Many commentators on the films of Lewis Klahr have noted their invocation of memory. Klahr collages bits and pieces pulled from the detritus of our omnipresent image culture. His films catch a thread of something familiar just on the edge of fading into forgetfulness. He rescues a “forgotten future” from the dumps of mass-production, recalling childhood expectations that have proved elusive. We have already discarded these images torn from comic strips, old school textbooks, take-out menus, magazine advertisements – so why do they haunt us?
Klahr’s films generate a blend of melancholy and desire from this interplay of grasping and losing, remembering and forgetting. We must balance these demands while watching his films or we risk losing their deepest lessons. Our shared desire to grasp and retain images from childhood can make his images appear mawkishly nostalgic or sentimental. But on the other hand, recognizing the inadequacy of these childish dreams, their flimsy kitschy nature, can make his film seems sarcastically camp, condescendingly dismissive of the popular culture in which they sometimes seem to drown. Moments of both nostalgia and satire exist in Klahr’s films, but we need to grasp how they confront and transform each other.

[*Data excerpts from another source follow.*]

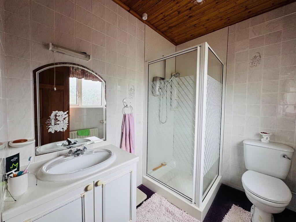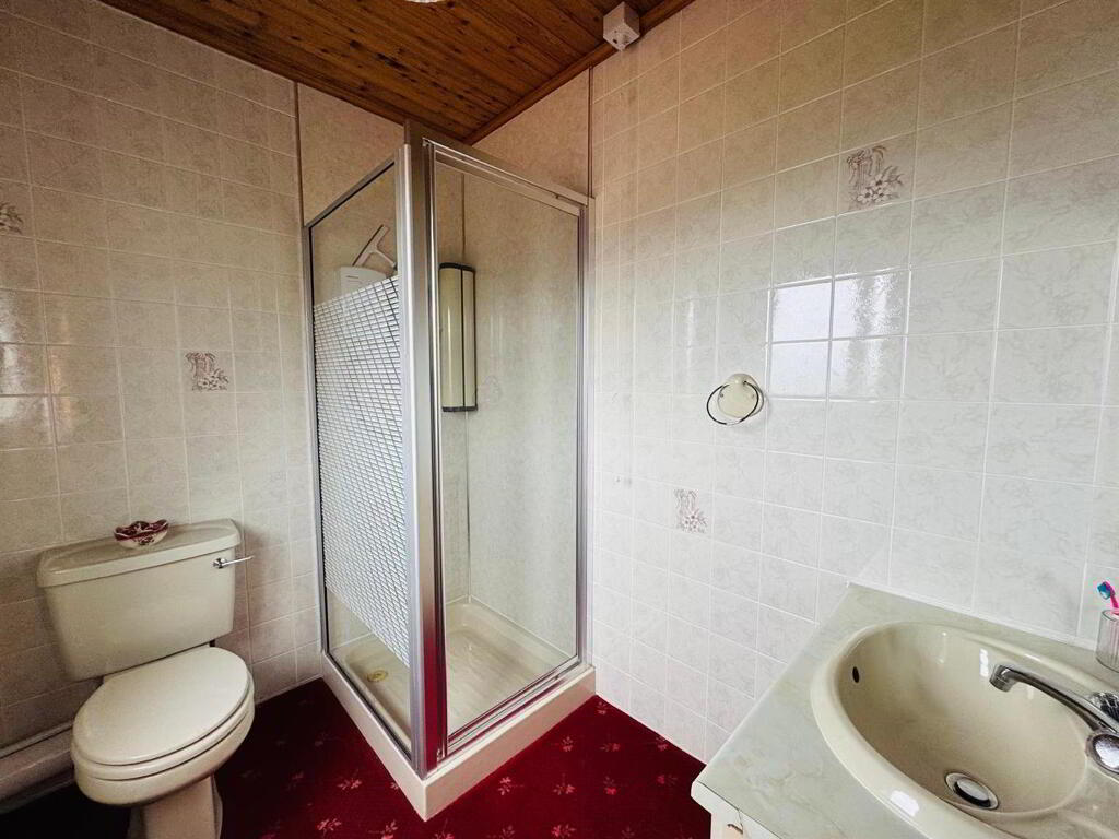 Comprising walk in shower with PVC cladding to walls, whb set in vanity unit, wc, wooden ceiling, tiled walls.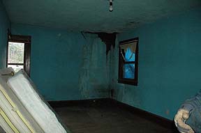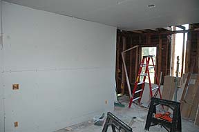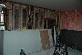 On the weekend of 9-10-2006 we cleaned out and finished up the wall between the Master Bedroom and the Bathroom (left) that ended up having some damage, and Kass' son Rick began running the wires & installing the boxes for outlets, telephone, DSL & TV hookups on the 2nd floor. |
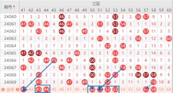 下图为41-60号数字区间走势分析图: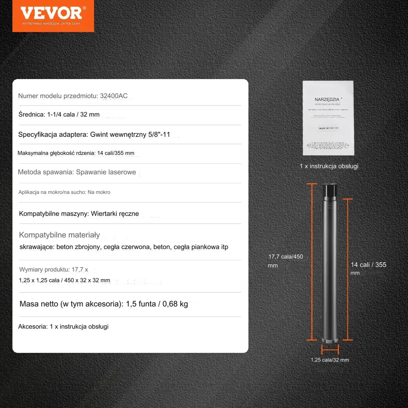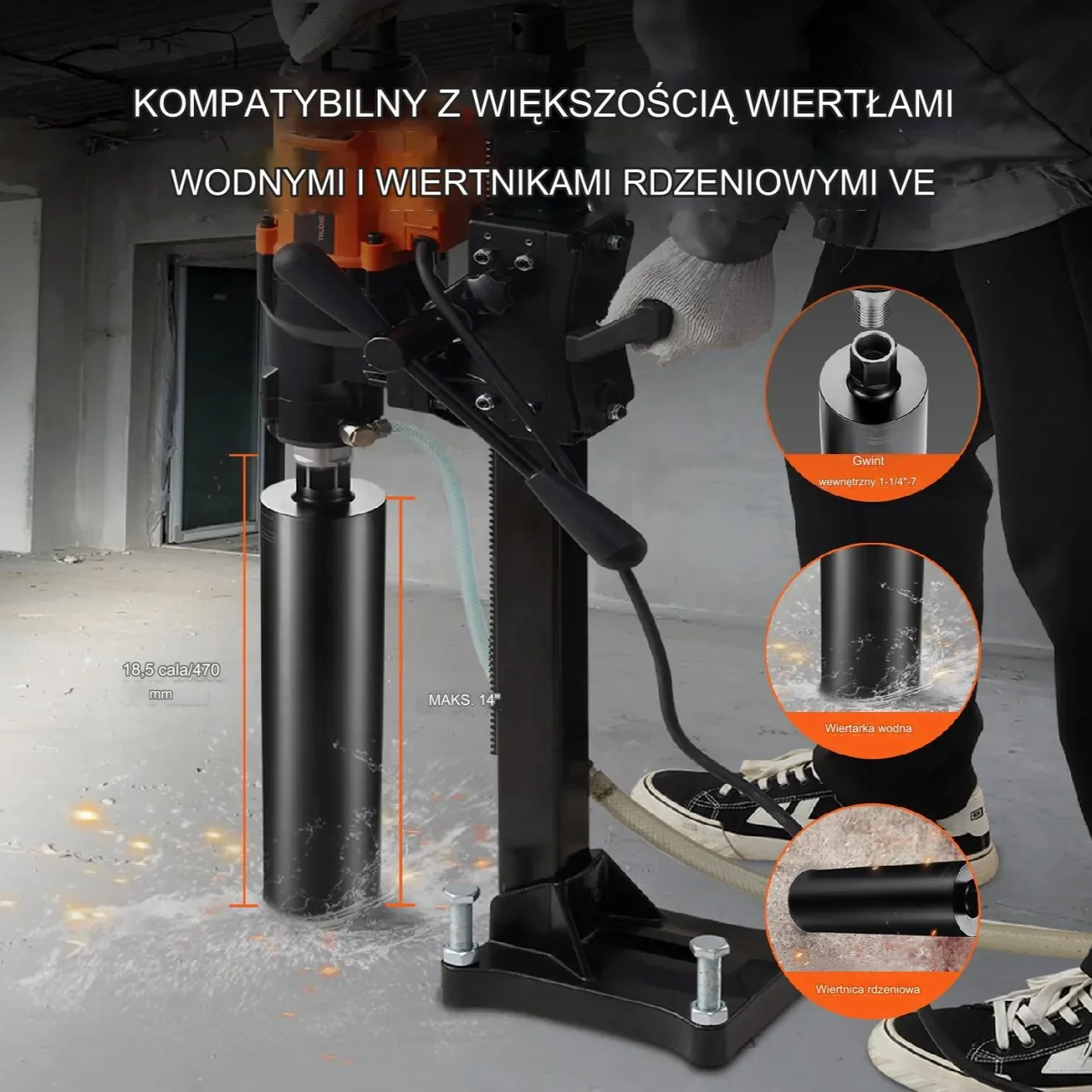 Nasze wiertło rdzeniowe zostało zaprojektowane z uniwersalnym gwintem 1-1/4″-7, co ułatwia szybki montaż na standardowym sprzęcie do wiercenia rdzeniowego, zapewniając wszechstronność i wygodę.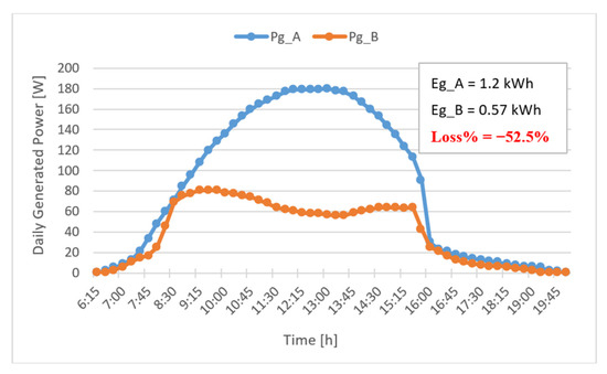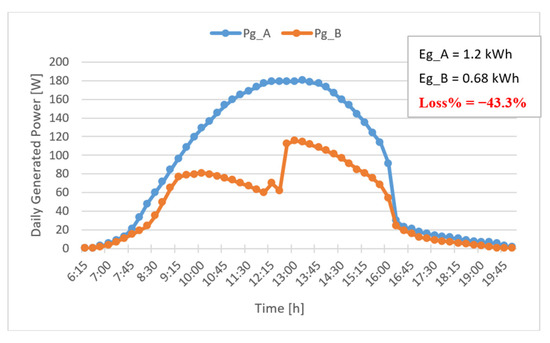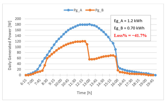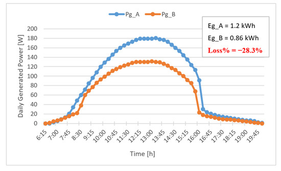 Figure 6 shows the daily power generation curves, Pg_A and Pg_B, of both PV generators A (with no shading) and B (with shading) together with the corresponding daily generated energies, Eg_A and Eg_B, and the percentage energy loss factor, Loss%, of the PV generator B with respect to the PV generator A. The experiment refers to a July 2021 cloudless day when the bypass diode of the submodule B did not intervene.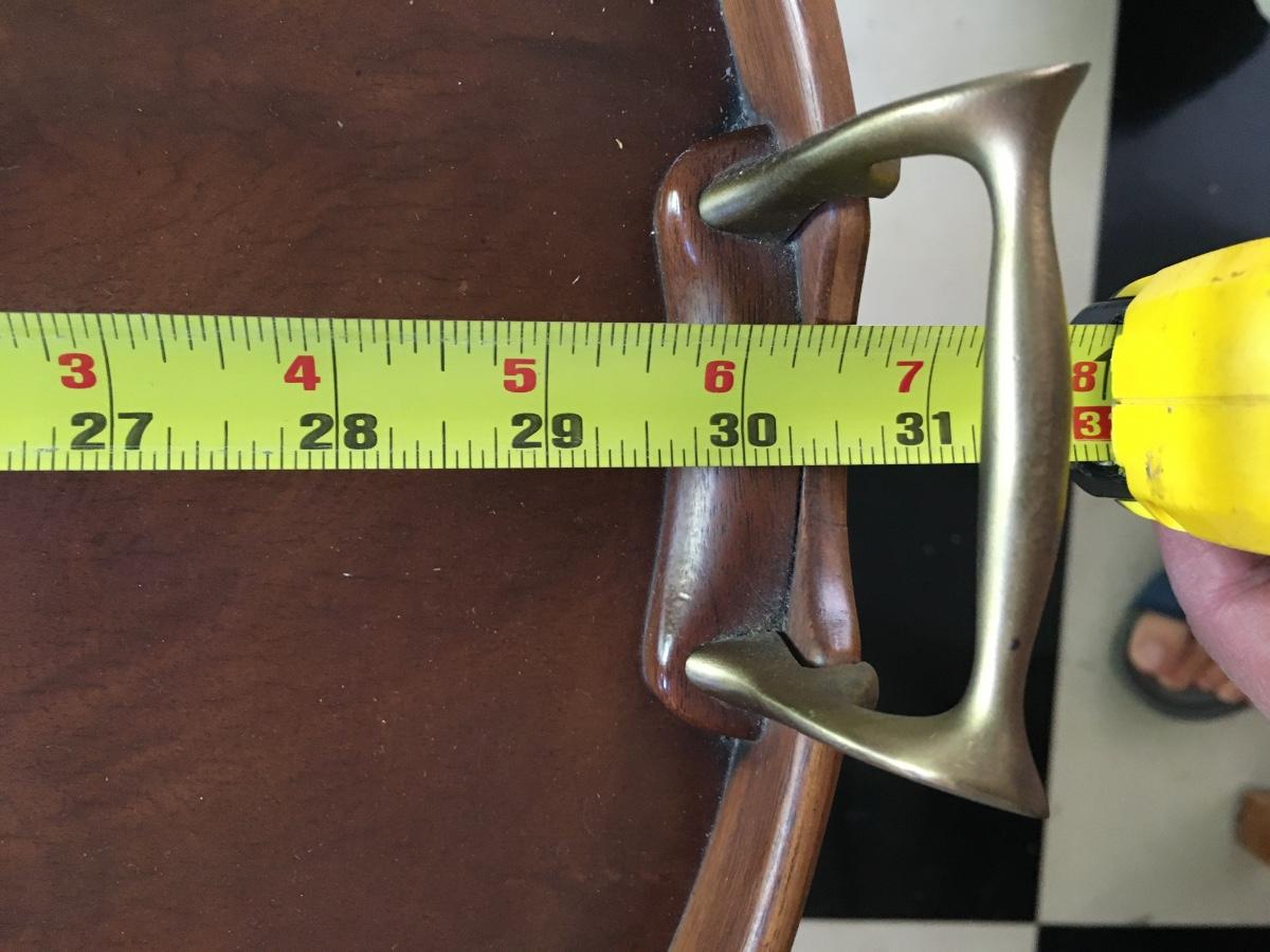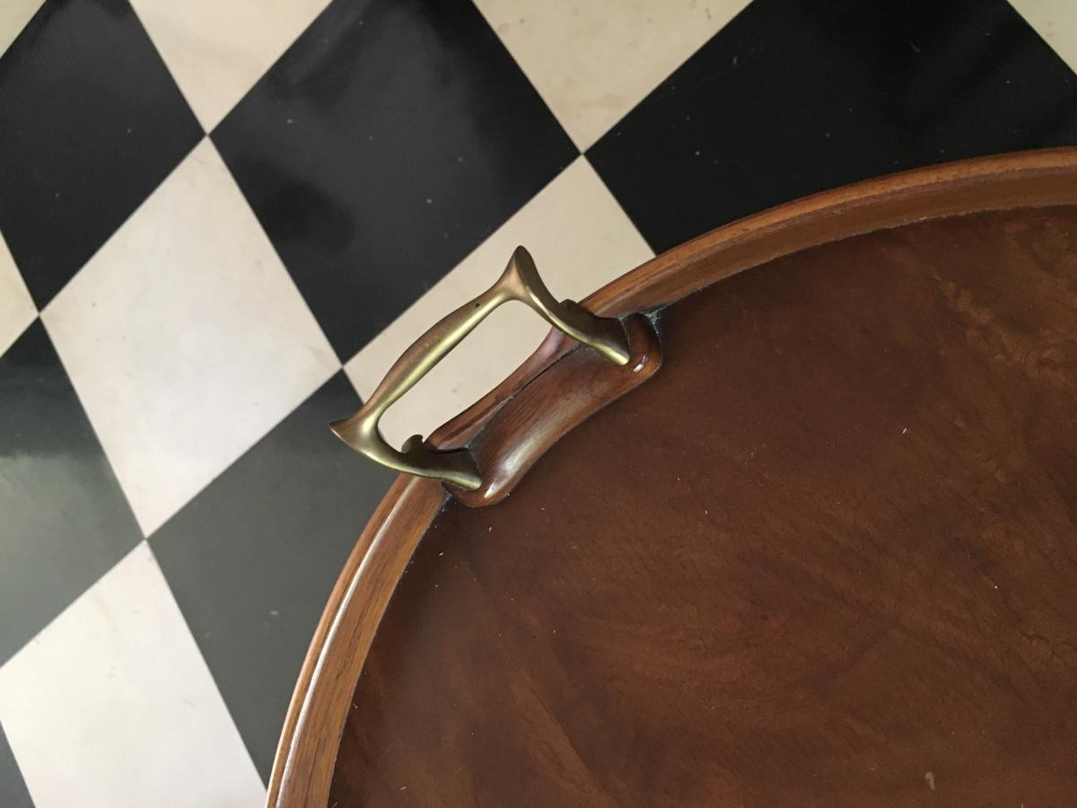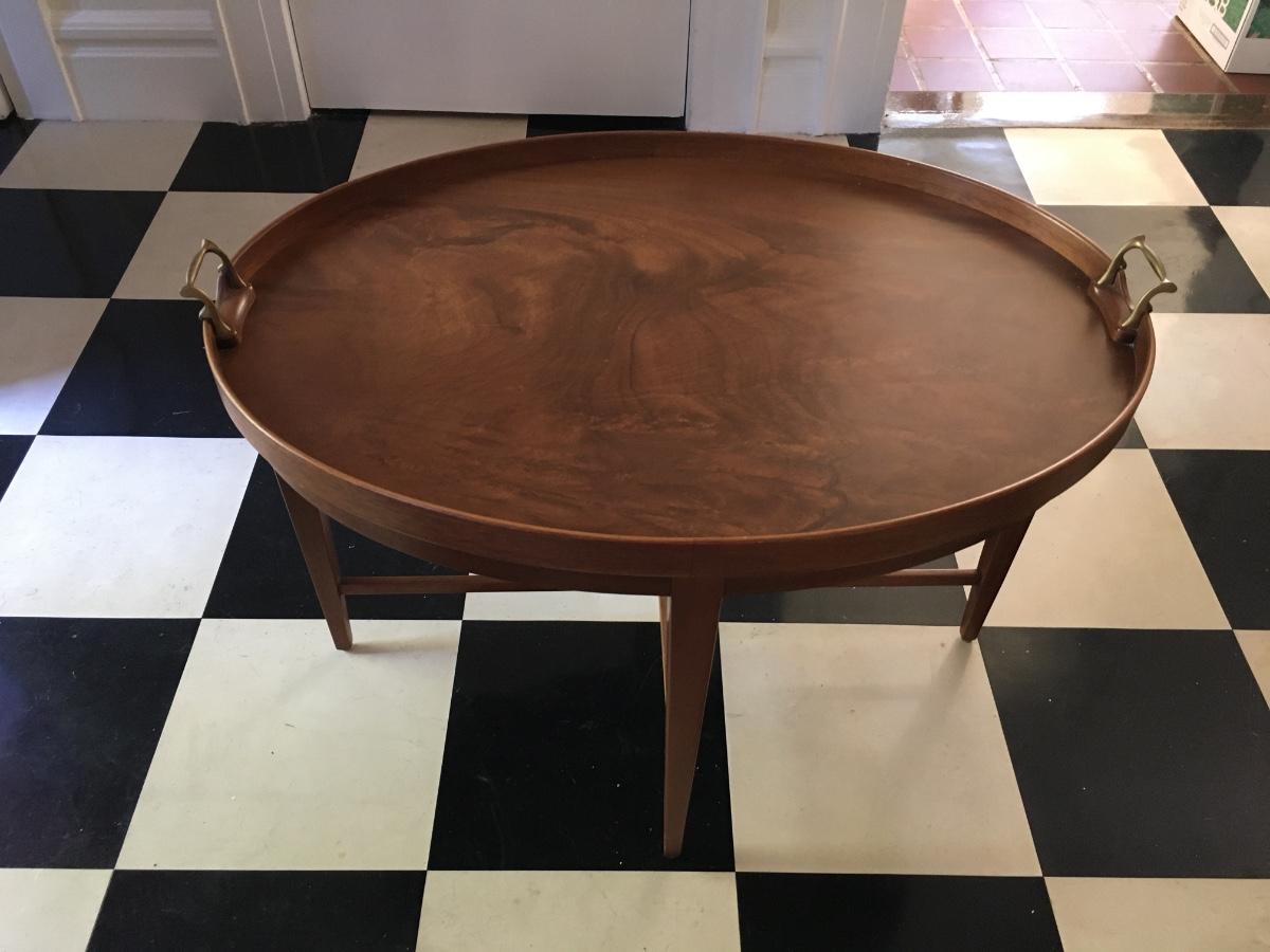 Lovely coffee/cocktail table. Has attached handles, top does not separate from base. lovely satin wood finish, brass handles

Klahr’s films tell stories uniquely. Many of his film resemble the fever dream of a child who has binged on sci-fi comics and TV detective shows. The icons of these pulp genres merge in a crazy-quilt style, as if shaken out of their logic of dramatic consequence by a traffic collision or a drug haze. Their surface appears like a jigsaw puzzle, transformation and metamorphosis dominating over action. We follow a road trip through a dreamscape, tracing a trajectory befogged by memory and hallucination, where nothing remains consistent. But a thread of action tugs us along, just as it pulls these cutout characters through tableaux of desire and situations of peril. None of Klahr’s films display this narrative pull more strongly thanLethe, where the transforming and dissolving bodies of its protagonists develop an almost-readable plot of genetic manipulations, hypodermic injections and erotic projections. Dr. Jekyll and Mr. Hyde meets Kiss Me Deadly meets Vertigo. As these jerky animated figures slip through their paper world, they move themselves – and us – in unexpected ways. With them, we traverse an environment that ranges from the cosmic to the microscopic, across the flat surfaces of numeric tables and charts into the hard-edged precision of modernist structures of glass and steel. Enlarged Ben-Day dots transform clichéd faces into freckled masks of unexplained anguish, enacting scenarios borrowed from comic strips and television shows that somehow hint at deeper losses underlying their mass-produced plots.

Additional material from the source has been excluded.